Leonardo: Produces military helicopters, aircraft, naval systems, and defence electronics. Develops unmanned systems, space technologies, and cybersecurity solutions. Key player in European defence programs.
Dassault Aviation: Manufactures Rafale fighter jets and combat drones. Develops military aircraft systems and provides support services to multiple air forces.
Saab: Produces Gripen fighter jets, airborne early warning systems, and submarines. Develops radar systems, combat management systems, and unmanned aerial vehicles for defence applications.
Kongsberg: Manufactures missile systems, naval systems, and defence communications. Produces remote weapon stations, maritime autonomy systems, and space and surveillance technologies.
Qinetiq: Provides defence research, testing, and evaluation services. Develops robotic systems, cybersecurity solutions, and space technologies. Offers training and simulation for military operations.
MTU Aero Engines: Develops and manufactures military aircraft engines and components. Key partner in European defence aviation programs, including the Eurofighter Typhoon.
Chemring: Produces countermeasures and pyrotechnics for defence applications. Develops sensors, electronic warfare systems, and cyber solutions for military and security markets.
After adjusting for DefCap™, I have capped initial basket weights at 10%. While there are plenty of reasons to be interested in the civilian activities of Rolls-Royce, Safran and Airbus, this is a defence basket.
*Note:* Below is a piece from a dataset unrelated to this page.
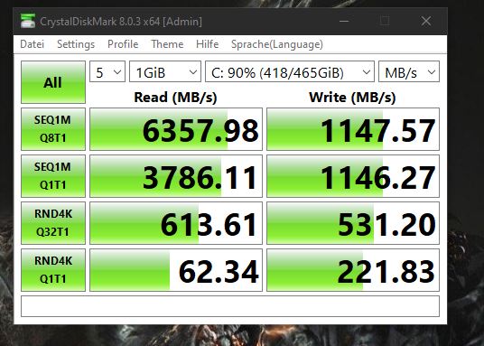 Hi leute, ich habe schon mehrfach gelesen das bei vielen die 980pro massive probleme hat, und schreibraten von 1000mb ca aufweist. Das gleiche Problem ist bei mir. Neueste Firmware ist drauf. Asus B550 f und ich komme auf schreibraten von 1100mb und lesen bei 6300mb. was natürlich weit weg ist von der eigentlichen leistung die die ssd aufweisen sollte. Hat hierfür jemand schon eine lösung? geht mir schon massiv auf den senkel das ich schlechtere werte hab als zuvor mit meiner pcie 3 m2. Aber gut war mir eine Leere, ich depp musste ja samsung murks kaufen weil sonst nichts lieferbar war, es war mir eine Lehre.

For this reason, I have also overweighted the mid-cap ‘pure plays’ relative to their share of DefCap™.
A chart of this basket over the past year looks to be coiling ahead of a further advance. The basket is being rebalanced to target weight quarterly in the chart below. Note that I do not plan on managing the EuroMIC with any systematic rebalancing. It will be a static basket of ordinary shares (no options).
Let’s have a look at the individual charts. I did not want to wear out your scrolling thumb by putting 13 charts in a row, so here is a (silent) 60 second video of all of them.
For those that did not press play, the individual charts are in pretty good shape. In many cases, there has been a sharp positive move off the back of the US election. I also think Commissioner Kubilius’s confirmation hearing at the European Parliament last week may also have had an impact.
We have our EuroMIC! As ever, if you have any questions, please message me via the button below or ping me in The Drey.
Acorn and Portfolio Update
I published a post-election trade update mid-week. Mainly the 🐿️ fleeing from tech-related short positions and election hedges.